Freelancers and entrepreneurs don’t have to work with people who annoy them. They’re free to choose the people with whom they work.

You Never Have to Do Unpaid Overtime Again

You remember that nonsense that companies like to tell you about how salaried employees are expected to hand over their free time for no compensation because they’re salaried? That’s not part of the freelancing life. If you’re working, you’re earning. You charge clients for work, and you don’t work unless you’re getting paid.

You Can Earn More than You Did Before

Sure, in the early days of your career as a business owner—you’ll take the work you can get. Over time, however, you’ll have more offers of work than you can handle. Then you can pick and choose, and, better still, you can raise your rates. Traditionally, freelancers get paid much higher rates than their employed equivalents. Why? Freelancers meet all their own expenses. They buy their equipment; they pay for their health insurance; they pay for their own vacations, etc., and so do entrepreneurs. That stuff doesn’t come free.

More importantly, business owners aren’t given contractual security and they charge a premium for that insecurity, too. As your businesses progresses – your earnings potential is unlimited.

Your Efforts Reward You

An employee is paid a set salary, and while they may get the occasional bonus, much of that usually depends on how other people work, too. If you’re a regular employee of a company which makes no money, you still get paid. On the other hand, you often don’t get a bonus if your work brings in lots of money for your company. On the contrary, freelancers and owners of design businesses get paid for the work that they put in and the results they create. The more they work, they more they get paid. The better results they create, the better they get paid. Every bit of work you do benefits you and only you—no more subsidizing the lazy guy/girl who spends all day talking about work without doing any. The money’s yours.

Sit back and relax with all that money you’ve earned. Freelancers get paid for their efforts and not the efforts of other people.

You Have 100% Job Security

No one can fire you when you’re the boss. Sure, freelancing and entrepreneurship has its ups and downs, but—as long as you keep at it—in the long run you’ll have complete control over your future and your earnings. That’s far better than working for someone who can, at any moment, tell you that the company—the same one you’d given so much to—suddenly doesn’t need you anymore.

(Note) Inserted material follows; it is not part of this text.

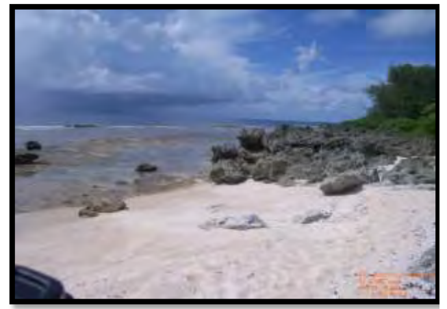
Photo 3.12-3. Key Observation Point 2 – View of Beach Area and Expansive View Corridor of Unai Chulu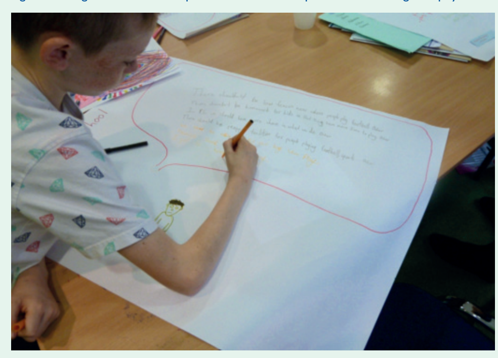
Figure 1: Young Researchers example of a school that respected children's right to play

contexts. Play in the home or community represents play outside of the formal school day, therefore this play context is reported as play in the community setting. Overall, the data indicate that children are positive about their right to play, in that the majority of children either 'agree' or 'strongly agree' with all of the statements. However, given that Article 31 is a right and state parties are obligated to guarantee that this right is respected, protected and fulfilled, the level of disagreement and strong disagreement with the statements is striking and requires exploration.

You’ll Learn More than You Ever Thought Possible

Every day in freelance and entrepreneurial life brings new challenges, and you’ll learn from each of them. You’ll be more than a designer or a writer or a developer; you’ll be a businessperson, and you’ll learn to solve business problems every single day.

You’ll Gain Confidence

The world’s different when you’re the boss. People see you differently and treat you differently. Plus, you’ll handle client relations, sales, meetings, etc. by yourself without the company of colleagues, managers, etc. Your confidence increases in leaps and bounds when you’re a freelancer.

You Do the Work You Love

Admittedly, not all successful freelancers or entrepreneurs follow their passions, but most do, and even those who don’t find themselves coming to love what they do. Freelancing and entrepreneurship gives you pride in a job well done. Making your customers happy is a thrill. Seeing them come back time and again for more work is incredibly fulfilling. You make things happen as a business owner, and every business owner comes to love that feeling.

The Potential for Growth

Most freelancers and design agencies start small with solo practices, but from little acorns come great oak trees. Many freelancers go on to form their own companies, to hire staff and to build a lasting legacy. That’s something that could never happen as an employee; you’re always building someone else’s legacy, not your own.

Great things come from small beginnings. Freelancers and design agencies who embrace their potential can build bigger businesses in their own image.

The Take Away

You have dozens of reasons to start your own business as a freelancer or entrepreneur, and the list above comprises only a small section. Nevertheless, it certainly contains the most popular reasons. Take your time to consider which of them appeals the most to you.